After rejection from her parish priest, Dr. Moore continued to go to mass on Sundays and take the Eucharist, but all along she craved support within the church’s community. Perhaps her priest didn’t want to speak with her, but certainly, she thought, he would be okay with a church-based support group. She approached him and suggested just that: a group created for people who’ve experienced loss. He responded by saying, “You know, you’re the first person who has ever said we need something like that.” Dr. Moore says his reaction stung. “He acted as if I’d done something wrong to him.” His mistake, she says, is that he didn’t check his judgment at the door. Often clergy want to fix the problem or put a faith slant when reacting to a person’s behavioral health crisis, telling a person with suicidal ideation, “Well, Jesus wouldn’t want you to kill yourself” or “He wouldn’t approve.” This response, says Dr.
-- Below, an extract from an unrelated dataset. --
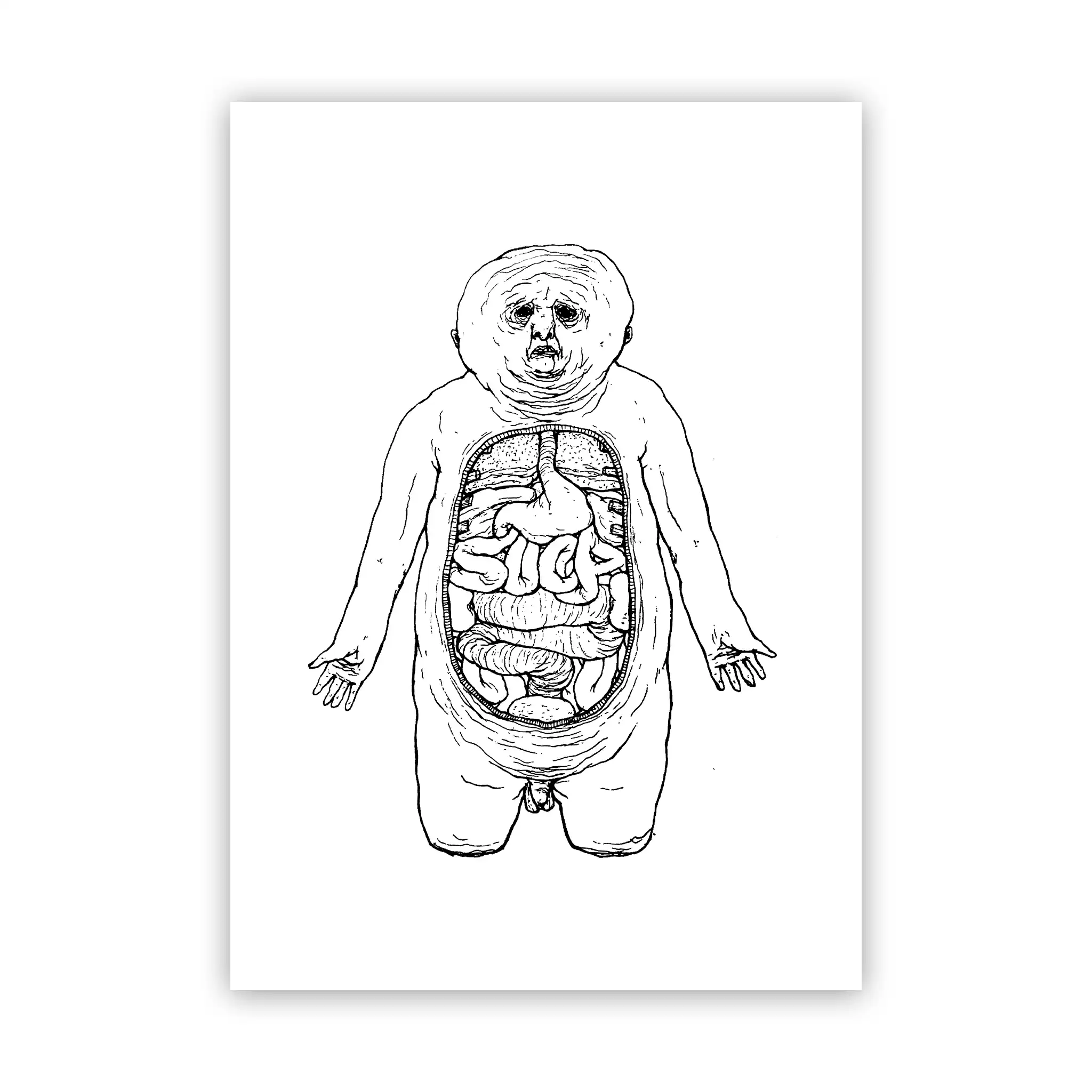 Black print on white T-shirt.

Moore, is a result of institutional dogma and faith leaders buying into the pervasive stigma that surrounds mental illness, which is compounded by a lack of clarity on their theology. “Faith leaders don’t need to be experts but must be willing to learn about mental health and have a referral network in place so that they can address when a congregant is struggling.” She says when clergy don’t take a proactive approach, they often default to avoidance because they’re unsure what to believe or say on the matter.
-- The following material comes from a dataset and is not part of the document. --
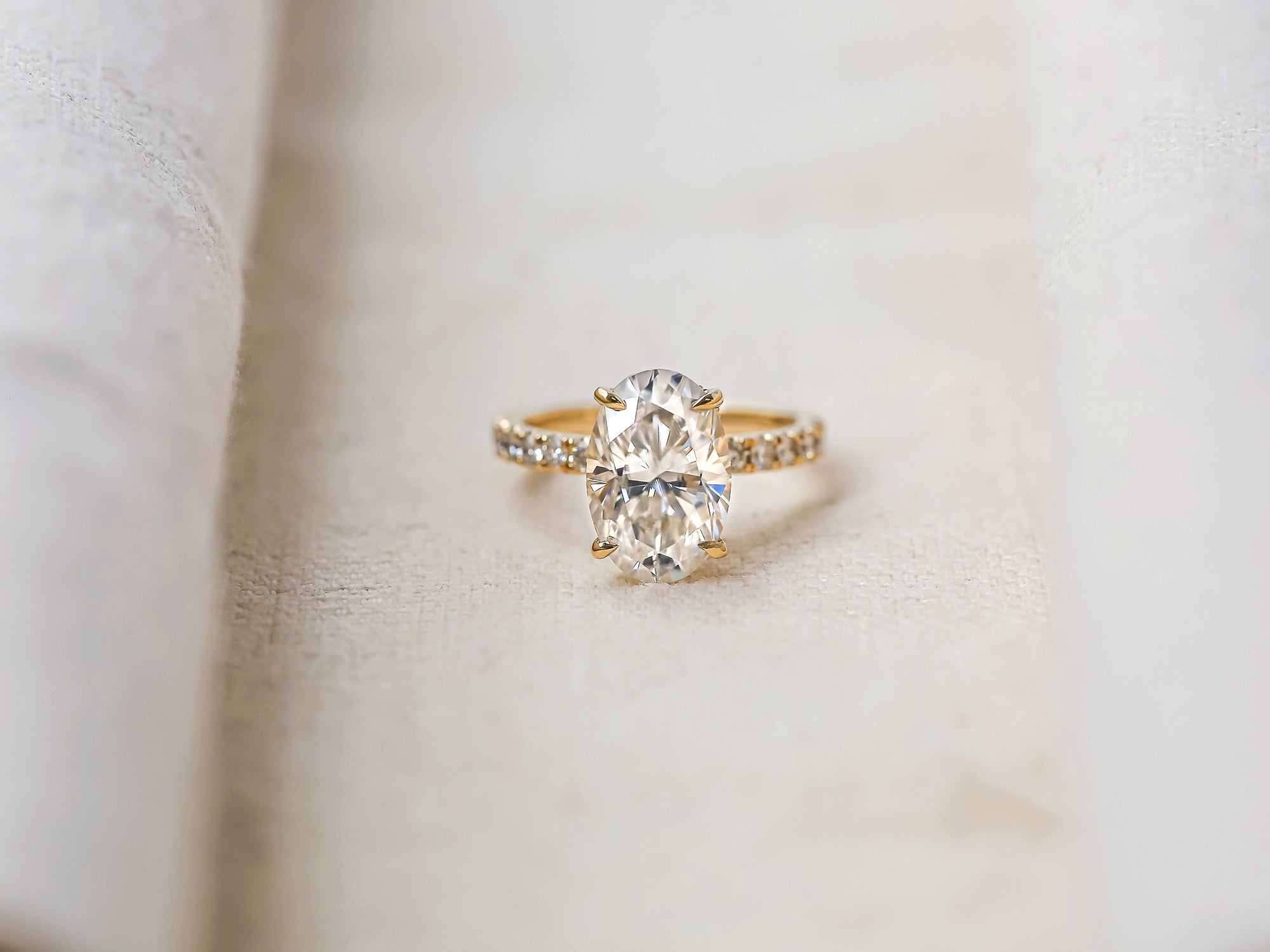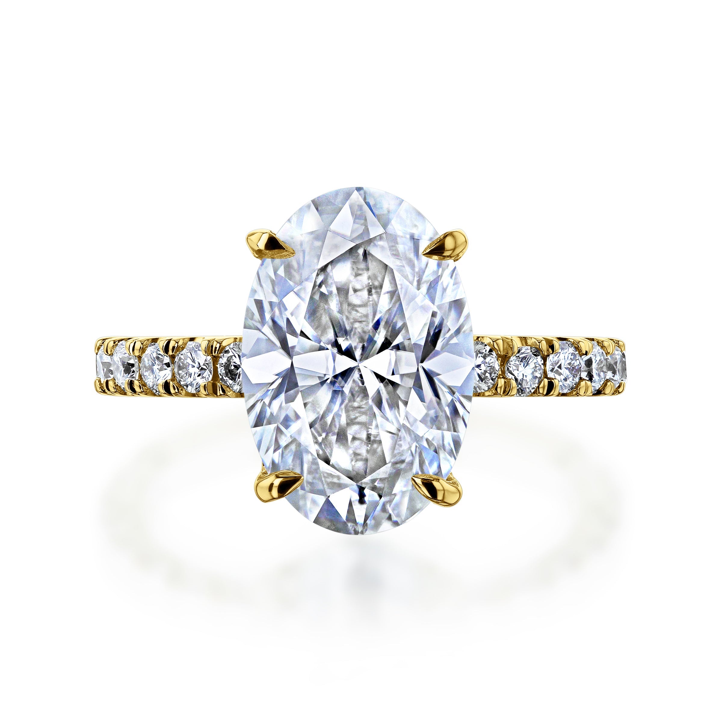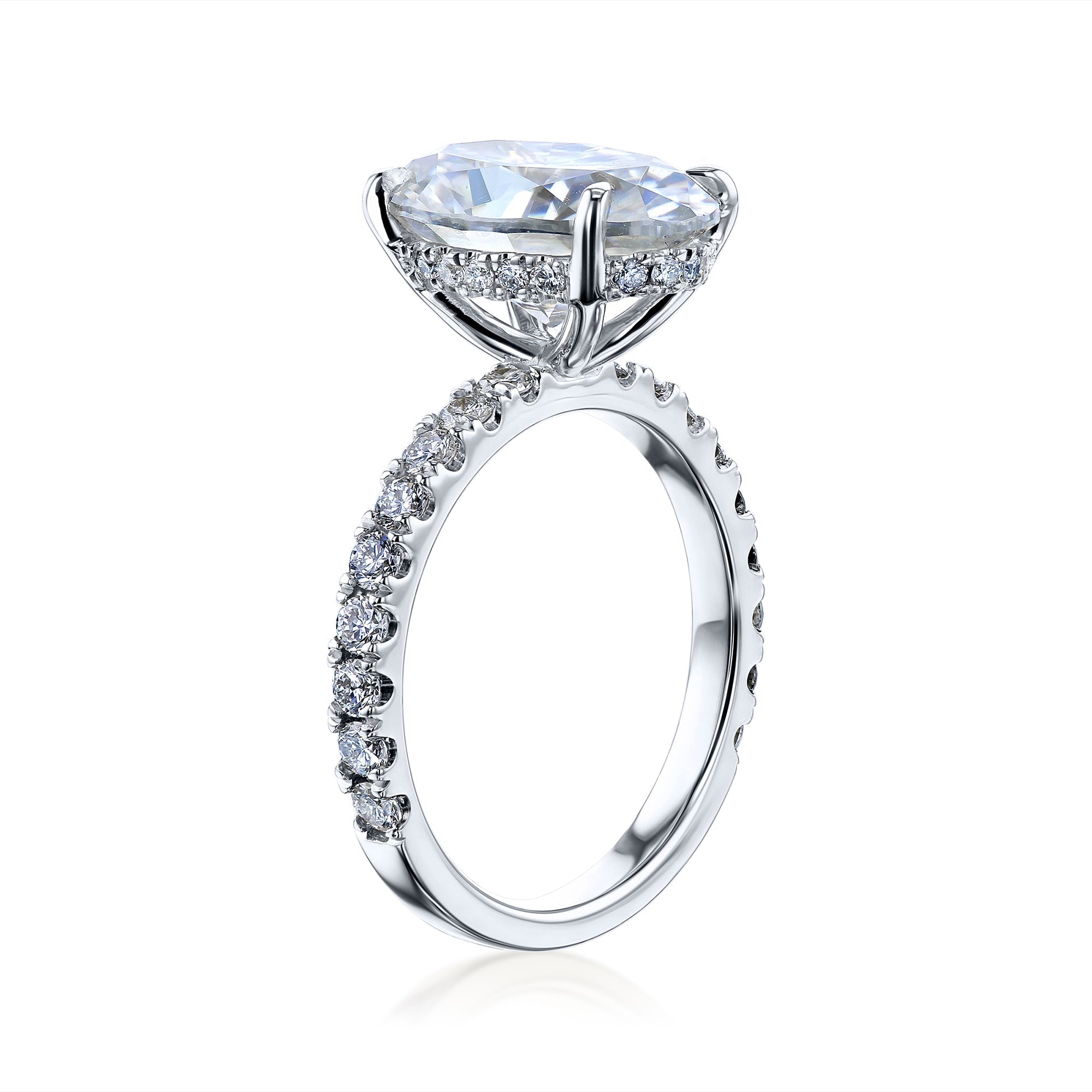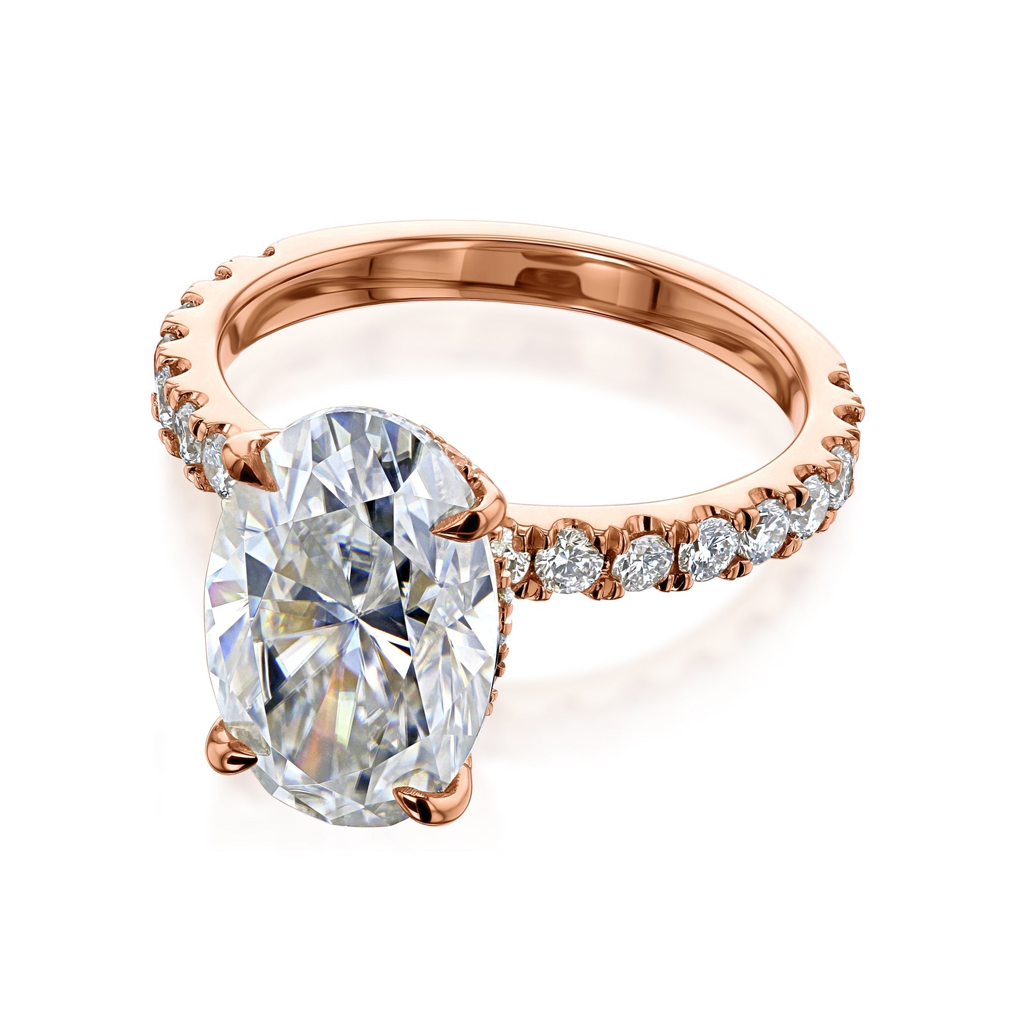 The Odette Bold Series Engagement Ring features a 3.00* Carat Oval Diamond center stone with a hidden halo of additional lab-grown diamonds in a slim floating basket setting.

Faith leaders are in the ideal position to be what Dr. Moore’s Action Alliance for Suicide Prevention Faith Communities Task Force colleague, Shauna Springer, Ph.D., calls emotional first responders. While some faith communities do have mental health ministries, many do not, making referral networks essential. These quick-response partnerships should include local therapists competently trained in behavioral health crises, including suicidal ideation, and bereavement support groups. A simple conversation, says Dr. Moore, can decrease the acuity of a person’s mental health crisis. Many people are more comfortable speaking with their faith leaders than mental health professionals, making dialogue an excellent entry point for people in crisis to get the help they need. When clergy avoid a congregant’s psychological distress, it’s a missed opportunity not just for that person but also the community at large because a single suicide has echoing effects. “We know that for every person who dies by suicide, there are roughly 135 other people exposed, and about 30%—roughly 48 people—will either feel close or highly close to the person who died.” It’s this latter group, says Dr. Moore, who may need mental health services as they’re more apt to experience higher levels of depression, anxiety, suicidal ideation, and suicide attempt. “The dirty little secret among suicide survivors is that they frequently become suicidal themselves, but they know firsthand the collateral damage of this experience since they lived through it, and so they often suffer in silence.” Dr. Moore did eventually find clergy who helped her during the aftermath of her husband’s death. One priest, a man named Father William Maroon in Columbus, Ohio, sat with her and non-judgmentally, empathetically recounted the story of Job and his suffering and railing at God. “When a loved one kills himself, you’re brought to your knees. It was the most painful experience of my life. We cried together, and that was perhaps one of the most healing faith-related experiences early on in my grief journey. He was a faith leader who did it the right way.”